Exercise: Could you please retype exactly the lines from the start of the records below through the line that contains "Risk management is", both included, and leave out the pictures?

==== Extracted material ====

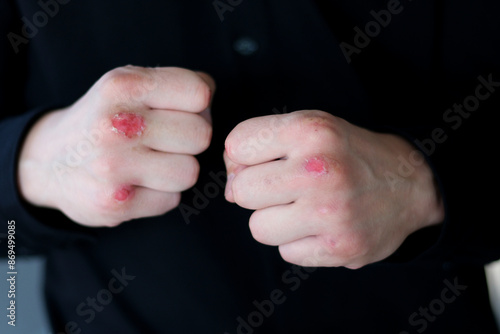 Wounds on fists. Medical glue. Athlete boxer covering wounds on hand after fight. Boxer beaten fists
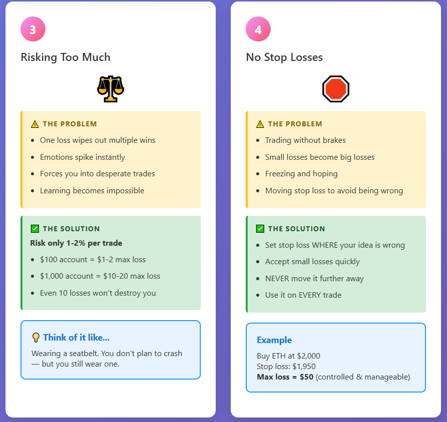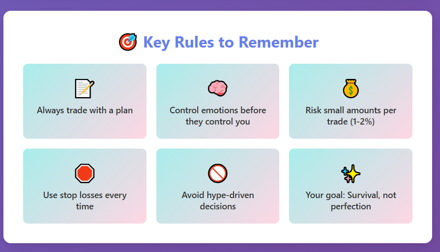 Risk management is not about avoiding losses. It’s about making sure no single trade can seriously hurt you. Beginners often think: “This setup looks good, I’ll go bigger.”
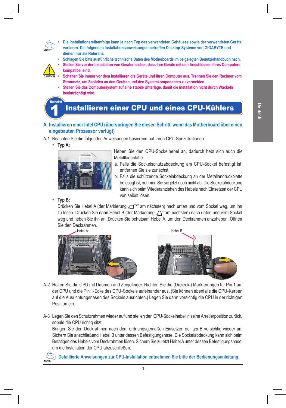 - • Typ B: Drücken Sie Hebel A (der Markierung „ ” am nächsten) nach unten und vom Sockel weg, um ihn zu lösen. Drücken Sie dann Hebel B (der Markierung „ ” am nächsten) nach unten und vom Sockel weg und heben Sie ihn an. Drücken Sie behutsam Hebel A, um den Deckrahmen anzuheben. Öffnen Sie den Deckrahmen. Hebel A Hebel B A-2 Halten Sie die CPU mit Daumen und Zeigefinger. Richten Sie die (Dreieck-) Markierungen für Pin 1 auf der CPU und die Pin 1-Ecke des CPU-Sockels aufeinander aus. (Sie können ebenfalls die CPU-Kerben auf die Ausrichtungsnasen des Sockels ausrichten.) Legen Sie dann vorsichtig die CPU in der richtigen Position ein. A-3 Legen Sie den Schutzrahmen wieder auf und stellen den CPU-Sockelhebel in seine Arretierposition zurück, sobald die CPU richtig sitzt. Bringen Sie den Deckrahmen nach dem ordnungsgemäßen Einsetzen der typ B vorsichtig wieder an. Sichern Sie anschließend Hebel B unter dessen Befestigungsnase. Die Sockelabdeckung kann sich beim Betätigen des Hebels vom Deckrahmen lösen. Sichern Sie zuletzt Hebel A unter dessen Befestigungsnase, um die Installation der CPU abzuschließen. Detaillierte Anweisungen zur CPU-Installation entnehmen Sie bitte der Bedienungsanleitung.
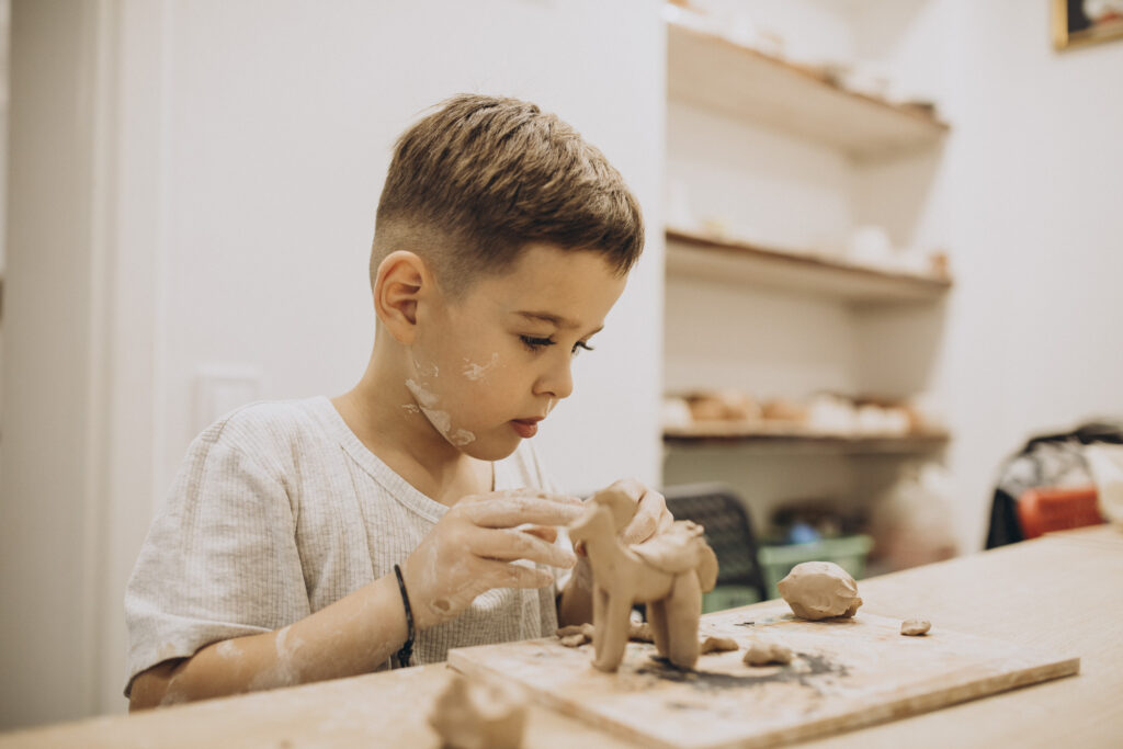 Băiat care modelează un cal din plastilină
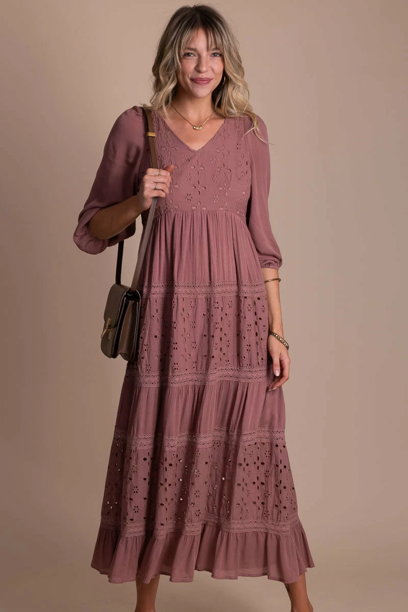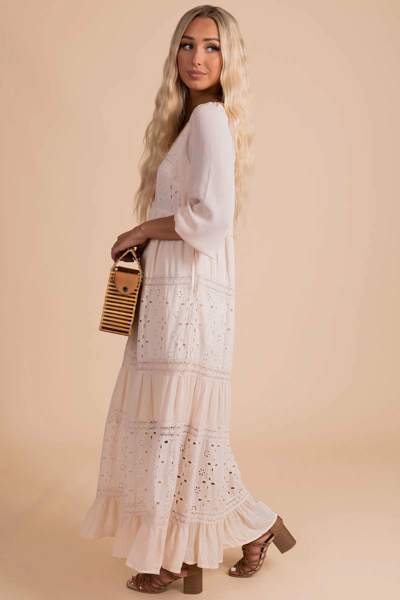 Our Make It Count Eyelet Detail Maxi Dress would be perfect for a summer photoshoot, a bridal or baby shower, or an outdoor wedding.
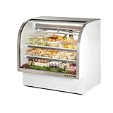 | ✚✚✚ True White Curved Glass Refrigerated Deli Case, 23.5 Cubic Ft True White Curved Glass Refrigerated Deli Case, 23.5 Cu FtThe True curved glass deli case provides high volume merchandising with exceptional refrigeration and an elegant curved glass display case. The high humidity gravity coil refrigeration system keep temperatures between 38°F and 40°F to keep meat and cheese fresh. There are 2 adjustable and lighted PVC coated shelves and the glass is tempered for safety. The exterior is durable white laminated vinyl with stainless steel trim. This display case is NSF-7 approved to hold open products. Width: 48-1/4" Depth: 35-1/4" Height: 47-3/4" Weight: 520 lbs 23.5 Cubic feet 1/3 HP 11.8 Amps NEMA config: 5-15P 300 series stainless steel NSF-7 compliant Ecomate insulation Zero ozone depletion (ODP), zero global warming potential (GWP) CFC free 134A refrigerant Refrigeration system holds temperatures between 38°F and 40°F 5 Year compression warranty -Warranty DOES NOT apply on Residential Use 2 doors 2 shelves Unit is pre-wired for 115/60/1 phase 15 amp outlet Made in the USA Model #: TCGG-48 422270

====

Answer below:
 Wounds on fists. Medical glue. Athlete boxer covering wounds on hand after fight. Boxer beaten fists
 Risk management is not about avoiding losses. It’s about making sure no single trade can seriously hurt you. Beginners often think: “This setup looks good, I’ll go bigger.”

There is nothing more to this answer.